Give the listing again exactly as written.

_Dataset excerpt_:
---

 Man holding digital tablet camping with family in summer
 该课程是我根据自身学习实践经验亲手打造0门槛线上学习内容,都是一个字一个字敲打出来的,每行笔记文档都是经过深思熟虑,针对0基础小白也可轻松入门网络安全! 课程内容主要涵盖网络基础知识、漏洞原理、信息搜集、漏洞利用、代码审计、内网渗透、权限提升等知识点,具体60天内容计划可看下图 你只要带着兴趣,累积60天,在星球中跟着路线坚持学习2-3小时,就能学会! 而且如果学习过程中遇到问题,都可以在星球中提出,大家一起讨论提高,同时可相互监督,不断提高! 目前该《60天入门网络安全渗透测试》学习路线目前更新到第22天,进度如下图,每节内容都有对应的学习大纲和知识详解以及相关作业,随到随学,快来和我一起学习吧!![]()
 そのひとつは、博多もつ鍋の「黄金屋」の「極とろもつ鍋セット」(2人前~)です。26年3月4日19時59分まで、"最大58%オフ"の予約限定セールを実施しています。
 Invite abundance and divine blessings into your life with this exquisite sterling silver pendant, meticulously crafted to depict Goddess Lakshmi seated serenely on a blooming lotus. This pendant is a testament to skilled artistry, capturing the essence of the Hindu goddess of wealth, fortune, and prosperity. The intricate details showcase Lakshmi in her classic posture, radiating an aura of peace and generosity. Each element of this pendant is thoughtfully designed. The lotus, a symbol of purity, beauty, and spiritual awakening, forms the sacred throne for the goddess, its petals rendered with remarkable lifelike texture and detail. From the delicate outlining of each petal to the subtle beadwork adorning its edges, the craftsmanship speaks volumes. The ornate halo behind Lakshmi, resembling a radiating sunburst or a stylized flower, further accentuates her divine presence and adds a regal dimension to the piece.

---

_Exercise output_:
 Man holding digital tablet camping with family in summer
 该课程是我根据自身学习实践经验亲手打造0门槛线上学习内容,都是一个字一个字敲打出来的,每行笔记文档都是经过深思熟虑,针对0基础小白也可轻松入门网络安全! 课程内容主要涵盖网络基础知识、漏洞原理、信息搜集、漏洞利用、代码审计、内网渗透、权限提升等知识点,具体60天内容计划可看下图 你只要带着兴趣,累积60天,在星球中跟着路线坚持学习2-3小时,就能学会! 而且如果学习过程中遇到问题,都可以在星球中提出,大家一起讨论提高,同时可相互监督,不断提高! 目前该《60天入门网络安全渗透测试》学习路线目前更新到第22天,进度如下图,每节内容都有对应的学习大纲和知识详解以及相关作业,随到随学,快来和我一起学习吧!![]()
 そのひとつは、博多もつ鍋の「黄金屋」の「極とろもつ鍋セット」(2人前~)です。26年3月4日19時59分まで、"最大58%オフ"の予約限定セールを実施しています。
 Invite abundance and divine blessings into your life with this exquisite sterling silver pendant, meticulously crafted to depict Goddess Lakshmi seated serenely on a blooming lotus. This pendant is a testament to skilled artistry, capturing the essence of the Hindu goddess of wealth, fortune, and prosperity. The intricate details showcase Lakshmi in her classic posture, radiating an aura of peace and generosity. Each element of this pendant is thoughtfully designed. The lotus, a symbol of purity, beauty, and spiritual awakening, forms the sacred throne for the goddess, its petals rendered with remarkable lifelike texture and detail. From the delicate outlining of each petal to the subtle beadwork adorning its edges, the craftsmanship speaks volumes. The ornate halo behind Lakshmi, resembling a radiating sunburst or a stylized flower, further accentuates her divine presence and adds a regal dimension to the piece.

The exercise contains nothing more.